TASK DETAILS »
Return exactly the run of lines that begins at the line containing "Eine weitere Dahlienvariante" and ends at the last line of the material below; pictures stay out.

GIVEN DATA »
------------------------------------

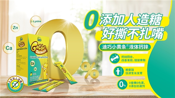 为了解决家长对孩子生长发育的痛点,迪巧研发上市了一款0添加人造糖的迪巧小黄条液体钙锌,钙、锌、赖氨酸同补,三效合一可以改善食欲、强健骨骼,有效促进孩子的生长发育。添加的木糖醇属于天然甜味物质,在自然界中广泛分布于各种水果、蔬菜、谷类。因此是比较安全。
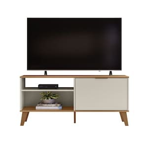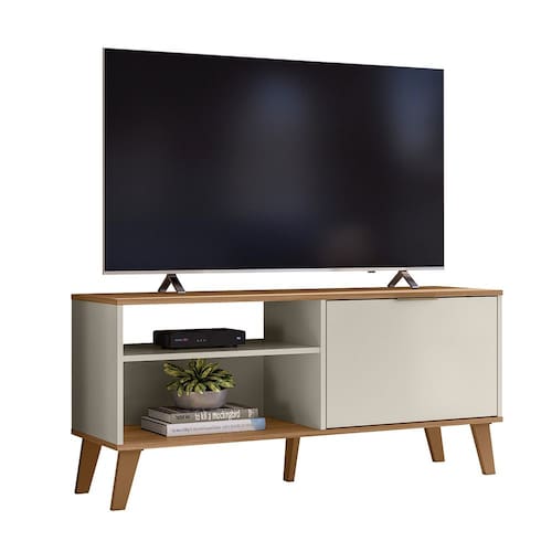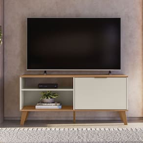 Com design compacto, esse rack para sala conta ótima repartição entre porta, prateleira e nichos, ou seja, possui espaço para acomodar aparelhos eletrônicos e objetos decorativos, além de ser ideal para apoiar TVs de até 50 polegadas. Além disso, esse rack para tv se destaca pela versatilidade, já que harmoniza com qualquer estilo de decoração, sem falar que se adequa facilmente em sala de estar pequena, sem comprometer a funcionalidade.
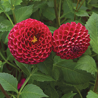 Eine weitere Dahlienvariante sind die Pompondahlien. Ihre Blütenblätter entfalten sich nicht ganz, sondern bilden leicht eingerollt kugelförmige Blüten. 'Cornell' ist eine geradezu formvollendete Pompondahlie. Mit ihrer rubinroten Farbe wirkt sie edel, grazil und strahlt gleichzeitig Lebenskraft aus. „Als Gartenpflanze eignet sie sich fantastisch: Sie bekommt so viele Blüten, dass Sie ruhig ab und zu ein paar für Ihre Vase auf dem Küchentisch abschneiden können", so van der Veek.
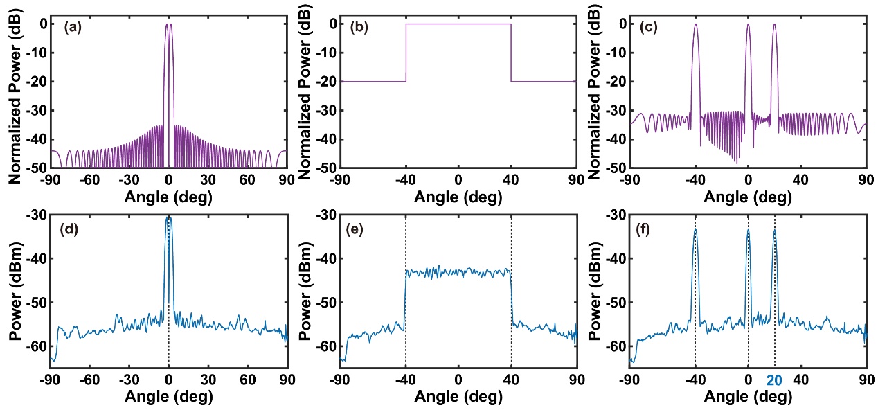 刘晓平课题组提出的这一新架构采用由两层马赫-曾德尔干涉结构组成的二分树结构,不仅能够实现任意的光强分布,还具备较强的抗加工误差能力(如图1)。为了提高远场信噪比,该架构引入了多种抑制杂散光的策略,包括空气孔和偏振分束器等优化设计。其发射天线由64根波导阵列组成,波导间距为半波长(775 nm),激光波长为1550 nm,通过波导端面直接向外辐射。研究表明,该硅基光学相控阵在120°视场范围内进行波束扫描时,旁瓣抑制比依然能够保持在20 dB以上(图2)。此外,为验证其任意波束成形能力,实验选取了Bayliss差波、脉冲形方波和非对称三光束三种复杂波束作为测试对象,并获得了与目标波束高度吻合的实验结果(图3)。值得一提的是,该架构具有良好的拓展性,且适用于其他光子集成平台,为实现多功能光束控制提供了新的可能性。
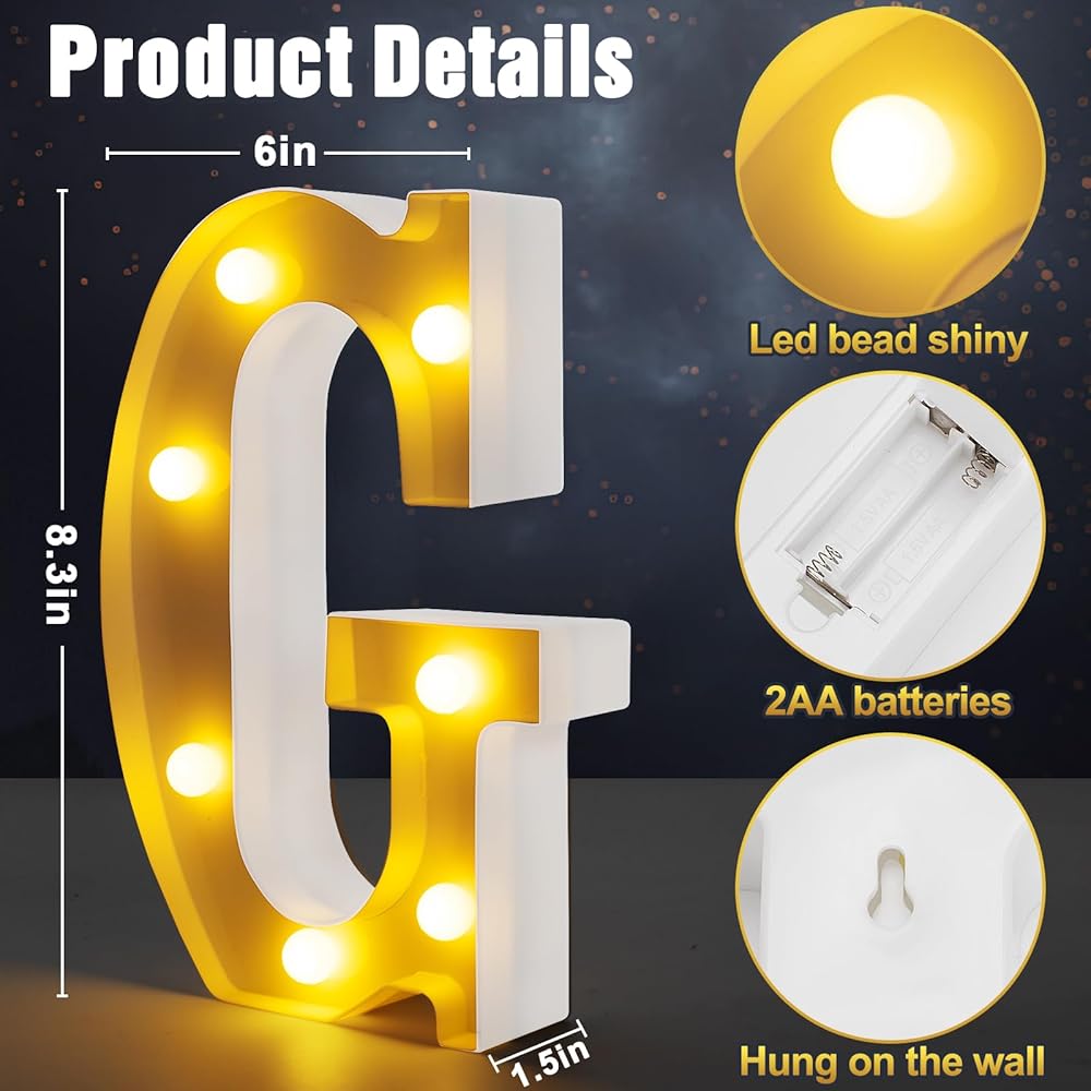• ديكورات رائعة لحفلات التخرج - حجم كل حرف هو 6.35 × 1.5 × 8.6 بوصة. لا تحتاج إلى توصيلها بمنفذ كهربائي، فقط تحتاج إلى بطاريتين AA (غير متضمنتين)، وسوف تضيء الحفلة بها.

------------------------------------

PROBLEM SOLUTION »
 Eine weitere Dahlienvariante sind die Pompondahlien. Ihre Blütenblätter entfalten sich nicht ganz, sondern bilden leicht eingerollt kugelförmige Blüten. 'Cornell' ist eine geradezu formvollendete Pompondahlie. Mit ihrer rubinroten Farbe wirkt sie edel, grazil und strahlt gleichzeitig Lebenskraft aus. „Als Gartenpflanze eignet sie sich fantastisch: Sie bekommt so viele Blüten, dass Sie ruhig ab und zu ein paar für Ihre Vase auf dem Küchentisch abschneiden können", so van der Veek.
 刘晓平课题组提出的这一新架构采用由两层马赫-曾德尔干涉结构组成的二分树结构,不仅能够实现任意的光强分布,还具备较强的抗加工误差能力(如图1)。为了提高远场信噪比,该架构引入了多种抑制杂散光的策略,包括空气孔和偏振分束器等优化设计。其发射天线由64根波导阵列组成,波导间距为半波长(775 nm),激光波长为1550 nm,通过波导端面直接向外辐射。研究表明,该硅基光学相控阵在120°视场范围内进行波束扫描时,旁瓣抑制比依然能够保持在20 dB以上(图2)。此外,为验证其任意波束成形能力,实验选取了Bayliss差波、脉冲形方波和非对称三光束三种复杂波束作为测试对象,并获得了与目标波束高度吻合的实验结果(图3)。值得一提的是,该架构具有良好的拓展性,且适用于其他光子集成平台,为实现多功能光束控制提供了新的可能性。
• ديكورات رائعة لحفلات التخرج - حجم كل حرف هو 6.35 × 1.5 × 8.6 بوصة. لا تحتاج إلى توصيلها بمنفذ كهربائي، فقط تحتاج إلى بطاريتين AA (غير متضمنتين)، وسوف تضيء الحفلة بها.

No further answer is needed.